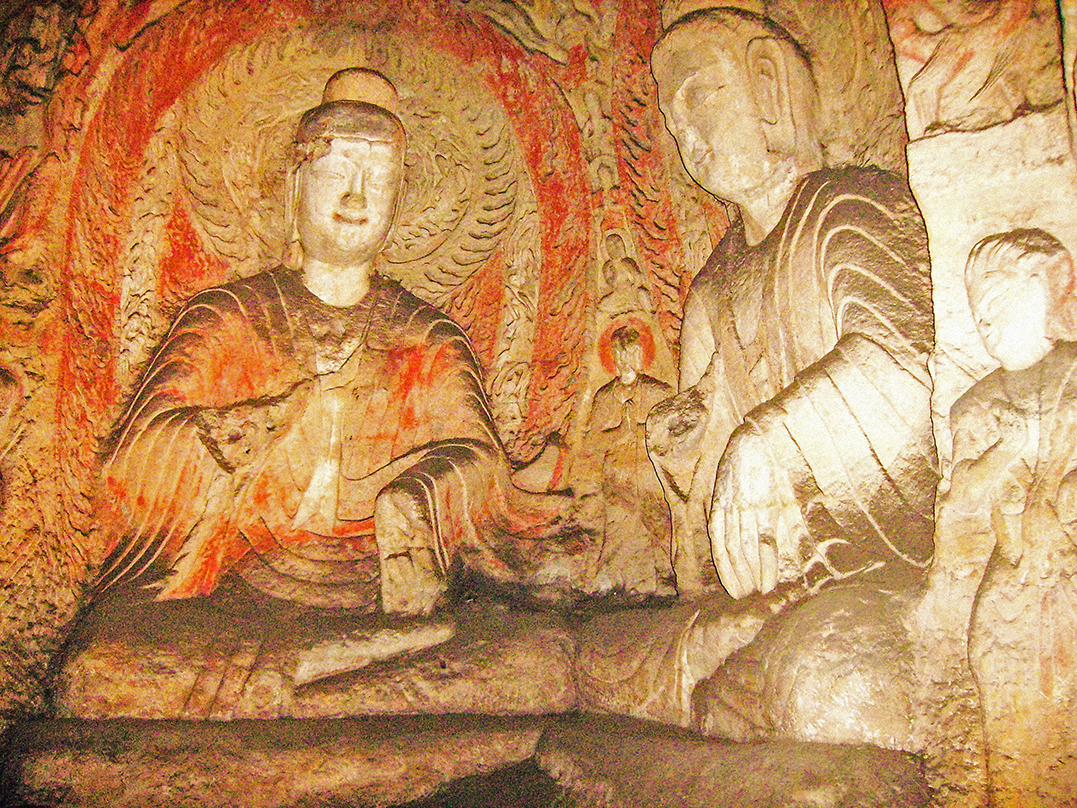 云冈的第七至第十窟是一组双窟,即第七和第八窟成一对,第九和第十窟则另成一对,此四窟并列而成一组,那是北魏朝同一个历史阶段的艺术遗珍了。就云冈艺术在历史时间留下的刻痕而言,这首创的双窟形制,还是稍后开凿之第五、六窟的先驱呢。然而,若按时间顺序而言,这双窟组合还应该是先有第十、九窟,接着再继续开凿第八和第七窟的。
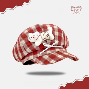 宅系格纹小猫咪八角帽子女2025新款秋季y2k可爱复古显脸小贝雷帽
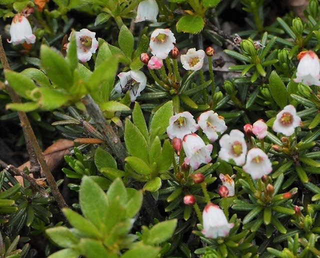 西赤石山はアケボノツツジとアカモノが有名です。そしてツガザクラも有名。アカモノが満開だったということはツガザクラは終盤だということ・・なので標高の低い場所では綺麗ではありませんでした。でも、頂上付近では可愛く咲いて迎えてくれたのです。
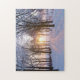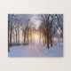 paisagem cénico do inverno com calha do por do sol vinda de algumas árvores
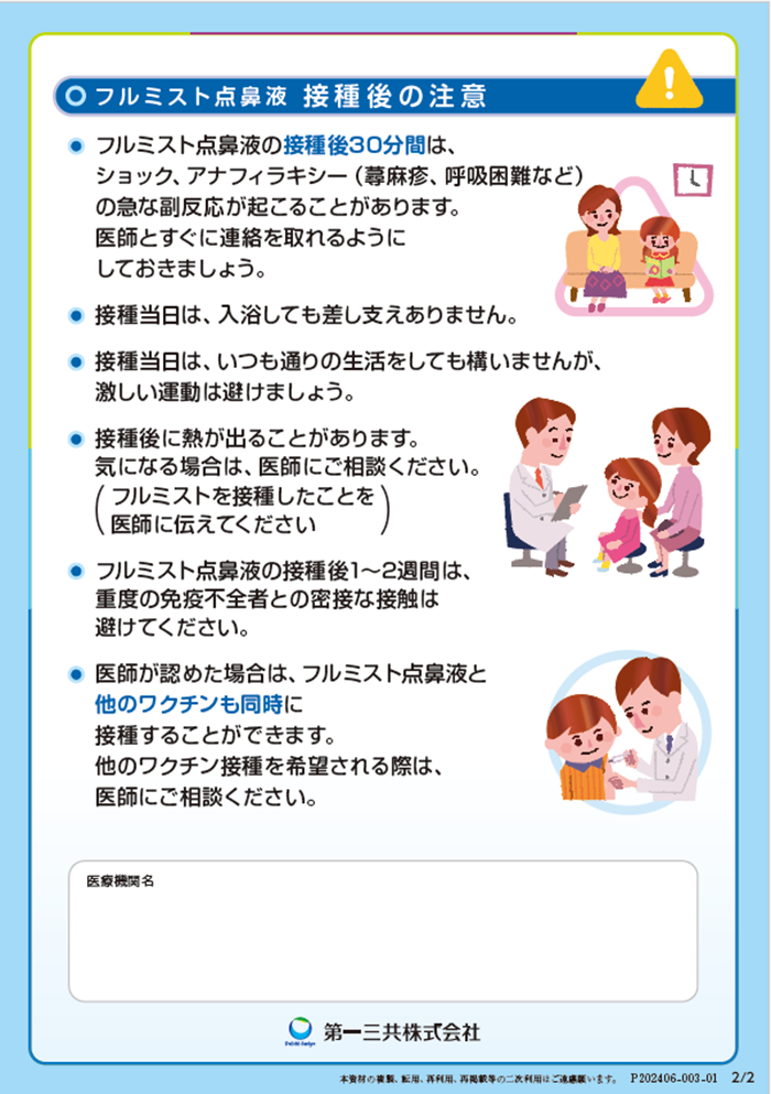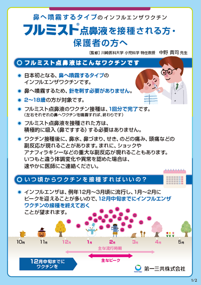 ※注意 フルミスト点鼻液接種希望者が一定数以上集まらなかった場合は接種日が変更になる可能性がありますので予めご了承下さい。

§ §

▸ WHAT IS NEEDED
Would you give the entries above again verbatim, omitting the images they contain?

▸ TASK RESPONSE
 云冈的第七至第十窟是一组双窟,即第七和第八窟成一对,第九和第十窟则另成一对,此四窟并列而成一组,那是北魏朝同一个历史阶段的艺术遗珍了。就云冈艺术在历史时间留下的刻痕而言,这首创的双窟形制,还是稍后开凿之第五、六窟的先驱呢。然而,若按时间顺序而言,这双窟组合还应该是先有第十、九窟,接着再继续开凿第八和第七窟的。
 宅系格纹小猫咪八角帽子女2025新款秋季y2k可爱复古显脸小贝雷帽
 西赤石山はアケボノツツジとアカモノが有名です。そしてツガザクラも有名。アカモノが満開だったということはツガザクラは終盤だということ・・なので標高の低い場所では綺麗ではありませんでした。でも、頂上付近では可愛く咲いて迎えてくれたのです。
 paisagem cénico do inverno com calha do por do sol vinda de algumas árvores
 ※注意 フルミスト点鼻液接種希望者が一定数以上集まらなかった場合は接種日が変更になる可能性がありますので予めご了承下さい。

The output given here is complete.